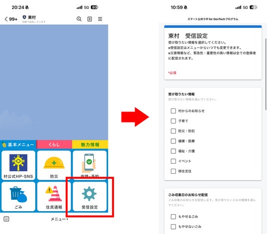 住民の希望に応じた配信だけを届ける「セグメント配信」機能を導入。欲しい配信カテゴリーを「受信設定」に回答することでカスタマイズすることができます。住民がほしい情報に絞って配信ができるため、情報発信がこれまで以上に効果的になることが期待されます。
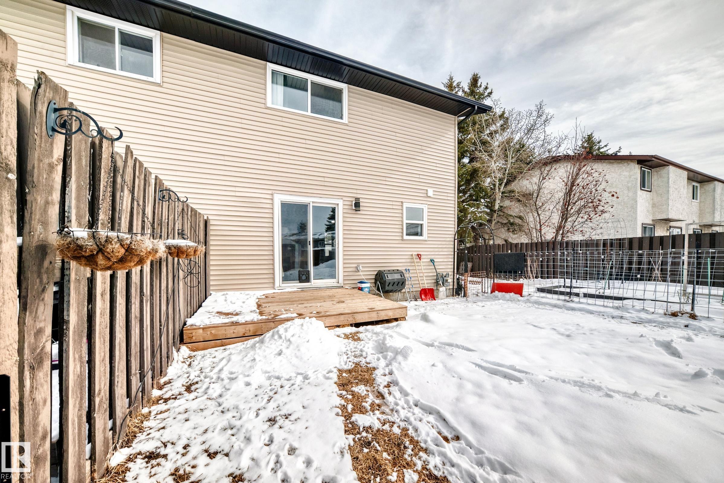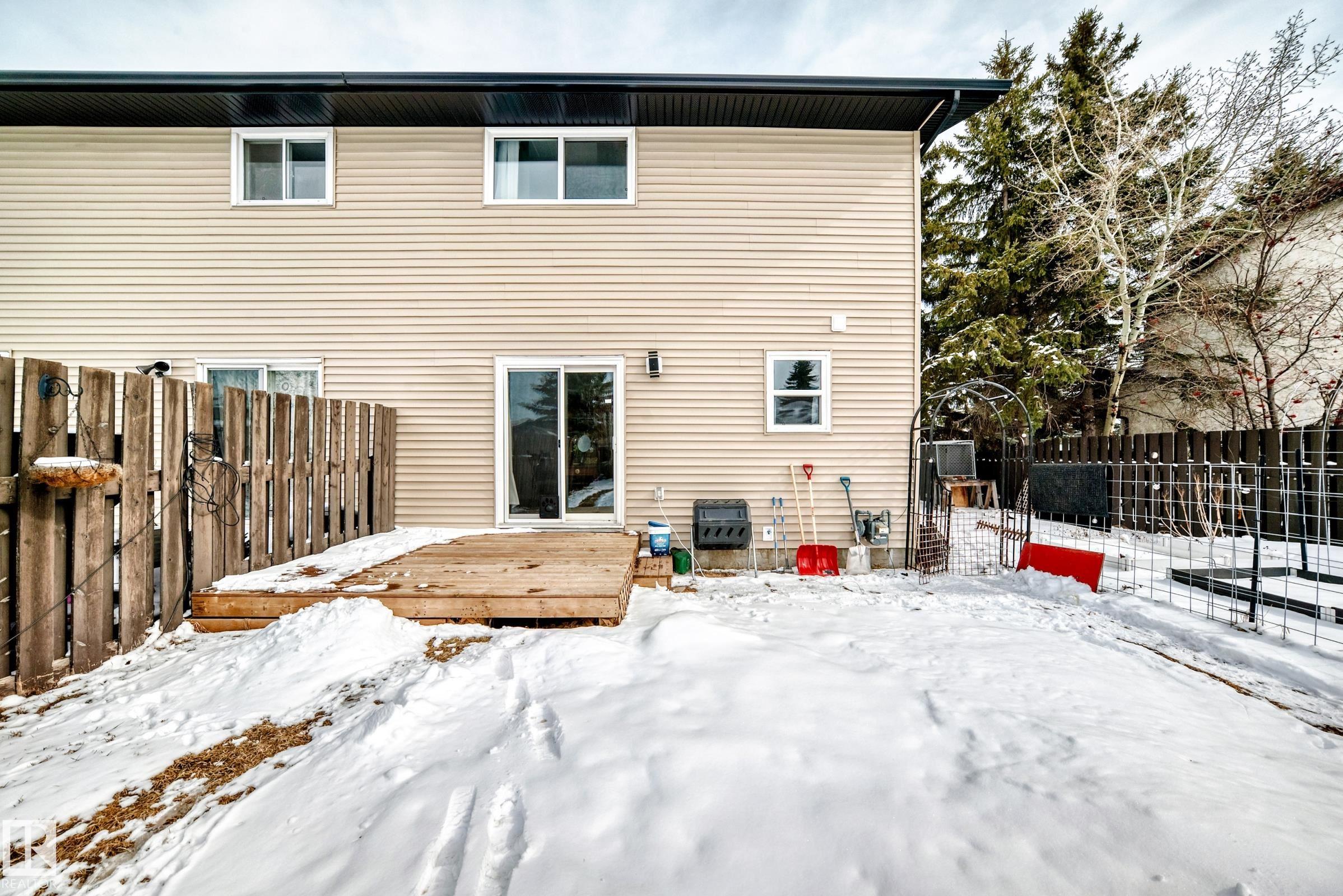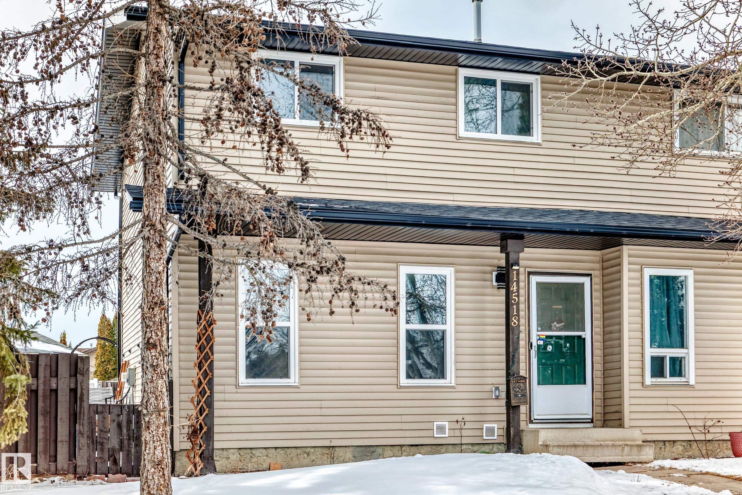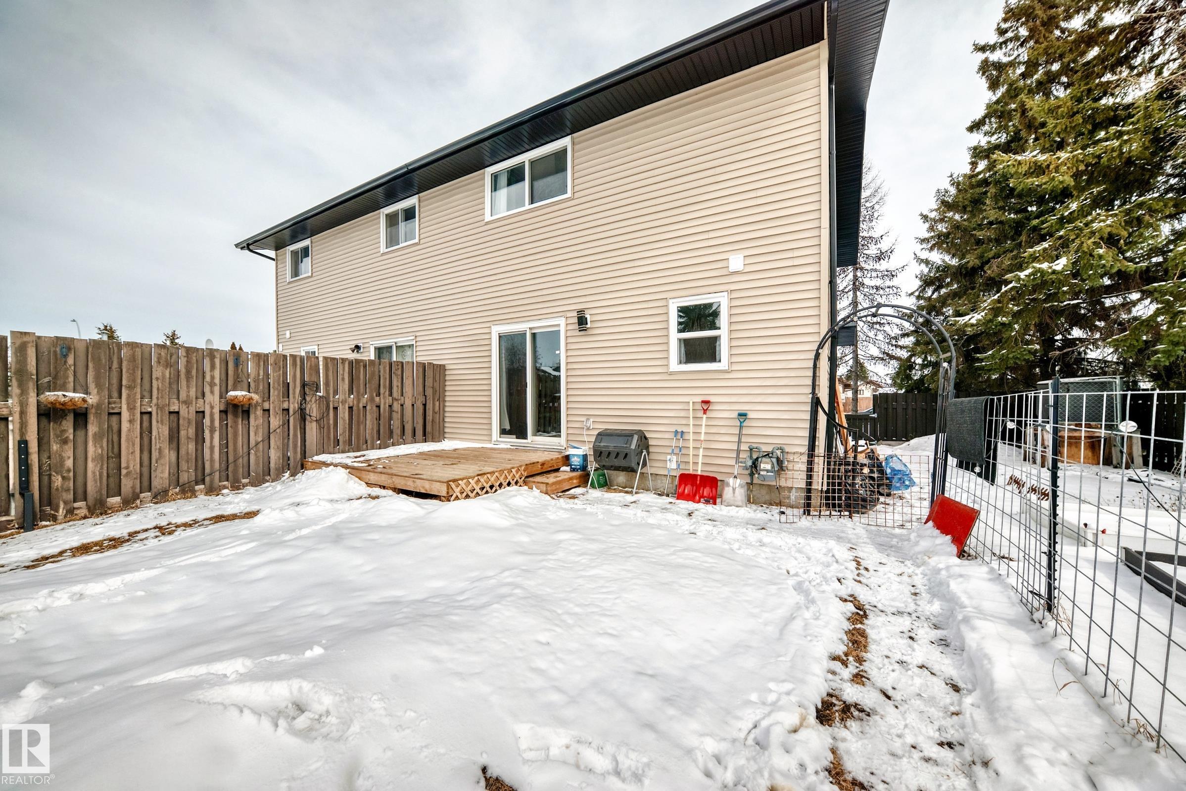 UPDATED HALF DUPLEX IN FRASER WITH NO CONDO FEES Located steps to a Fraser School and park, this updated 3-bedroom half duplex offers great value with major updates already complete. The main floor features a bright, inviting living room, laminate flooring, and big, updated windows. The functional U-shaped kitchen has plenty of storage with a pantry, painted cabinetry, and is open to the dining room and back deck area. The main floor also has a 2pc bath. Upstairs are three comfortable bedrooms, including an oversized primary with a spacious walk-in closet and feature wall. Key updates include siding and roof (2022) and above-grade windows (2020). Outside, the huge fully fenced yard has space to relax, garden, or entertain, plus plenty of space for off-street parking. Close to schools, parks, walking paths, and everyday amenities, with easy access to Manning Town Centre and the Henday. A solid option for first-time buyers or investors. Welcome home!
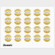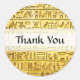 Ein Set von gelben, runden "Danke" Aufklebern mit antiken Hieroglyphen, die auf Stein graviert sind. Die Worte "Danke" sind anpassbar!
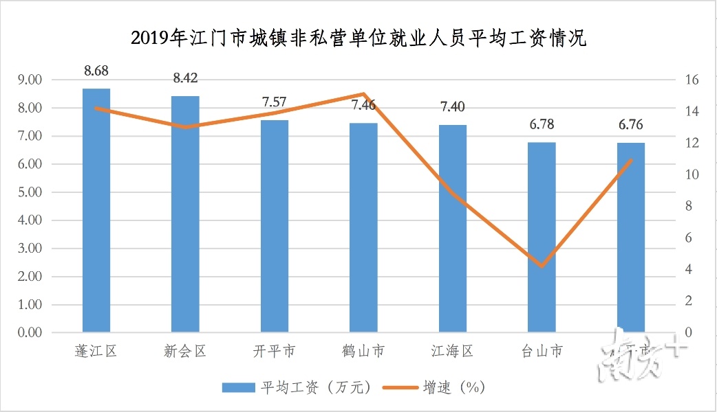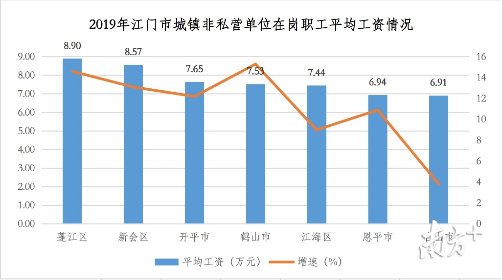 近日,江门市统计局发布的《2019年江门市城镇非私营单位就业人员平均工资公告》显示,去年江门市城镇非私营单位就业人员年平均工资79022元,在岗职工年平均工资80332元,同比均增长超12%,跑赢同期江门GDP增速。
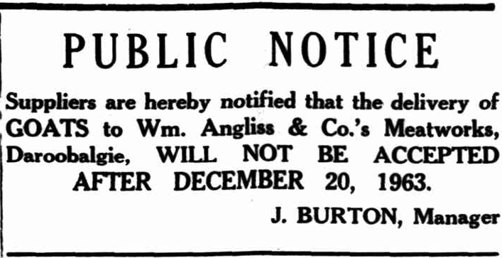 Newspaper public notice informing of delivery dates of goats for Daroobalgie Meatworks. Source: Western Herald Friday December 13, 1963 p.8
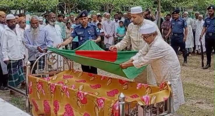 শনিবার দুপুর আড়াইটার দিকে তাকে গাংনী থানা পুলিশের একটিদল গার্ডঅপ অনার করে। পরে রাস্ট্রের পক্ষ থেকে তাকে জাতীয় পতাকা দিয়ে আচ্ছ্বাদিত করেন গাংনী উপজেলা নির্বাহী অফিসার আনােয়ার হােসেন।
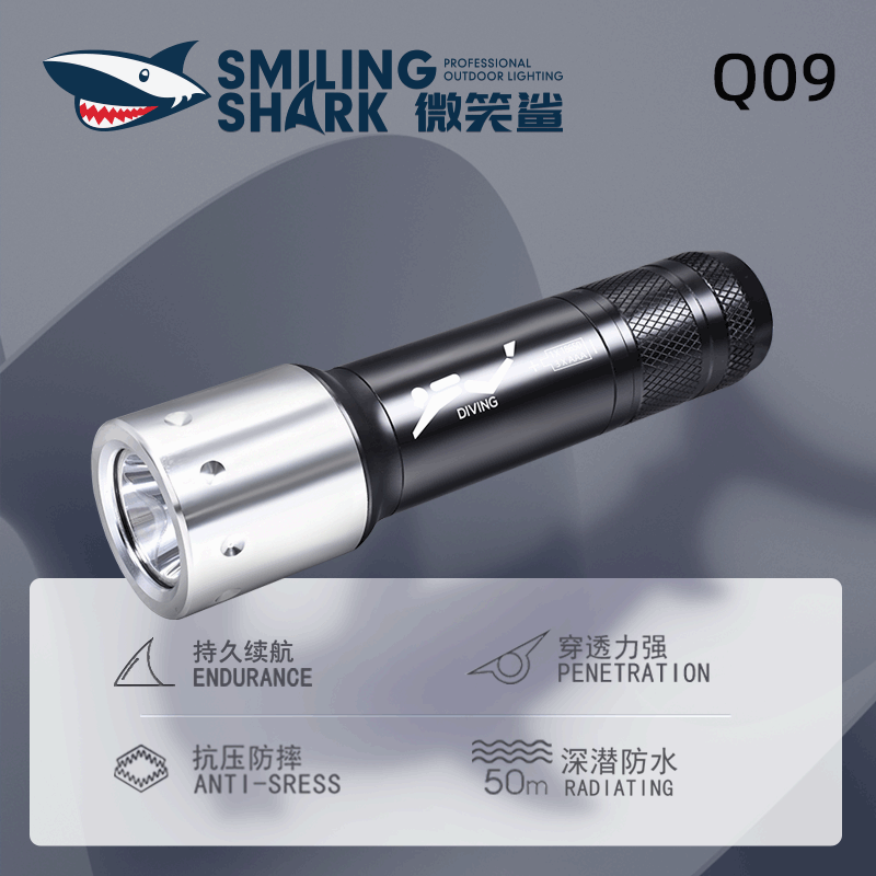 Senter elektrik, pencahayaan bawah air hiu tersenyum, senter listrik aluminium Jinqiang portabel IPX8 tahan air, Senter selam profesional

════════

How to complete this task: Could you repeat the data exactly, omitting its pictures?

Task response:
 住民の希望に応じた配信だけを届ける「セグメント配信」機能を導入。欲しい配信カテゴリーを「受信設定」に回答することでカスタマイズすることができます。住民がほしい情報に絞って配信ができるため、情報発信がこれまで以上に効果的になることが期待されます。
 UPDATED HALF DUPLEX IN FRASER WITH NO CONDO FEES Located steps to a Fraser School and park, this updated 3-bedroom half duplex offers great value with major updates already complete. The main floor features a bright, inviting living room, laminate flooring, and big, updated windows. The functional U-shaped kitchen has plenty of storage with a pantry, painted cabinetry, and is open to the dining room and back deck area. The main floor also has a 2pc bath. Upstairs are three comfortable bedrooms, including an oversized primary with a spacious walk-in closet and feature wall. Key updates include siding and roof (2022) and above-grade windows (2020). Outside, the huge fully fenced yard has space to relax, garden, or entertain, plus plenty of space for off-street parking. Close to schools, parks, walking paths, and everyday amenities, with easy access to Manning Town Centre and the Henday. A solid option for first-time buyers or investors. Welcome home!
 Ein Set von gelben, runden "Danke" Aufklebern mit antiken Hieroglyphen, die auf Stein graviert sind. Die Worte "Danke" sind anpassbar!
 近日,江门市统计局发布的《2019年江门市城镇非私营单位就业人员平均工资公告》显示,去年江门市城镇非私营单位就业人员年平均工资79022元,在岗职工年平均工资80332元,同比均增长超12%,跑赢同期江门GDP增速。
 Newspaper public notice informing of delivery dates of goats for Daroobalgie Meatworks. Source: Western Herald Friday December 13, 1963 p.8
 শনিবার দুপুর আড়াইটার দিকে তাকে গাংনী থানা পুলিশের একটিদল গার্ডঅপ অনার করে। পরে রাস্ট্রের পক্ষ থেকে তাকে জাতীয় পতাকা দিয়ে আচ্ছ্বাদিত করেন গাংনী উপজেলা নির্বাহী অফিসার আনােয়ার হােসেন।
 Senter elektrik, pencahayaan bawah air hiu tersenyum, senter listrik aluminium Jinqiang portabel IPX8 tahan air, Senter selam profesional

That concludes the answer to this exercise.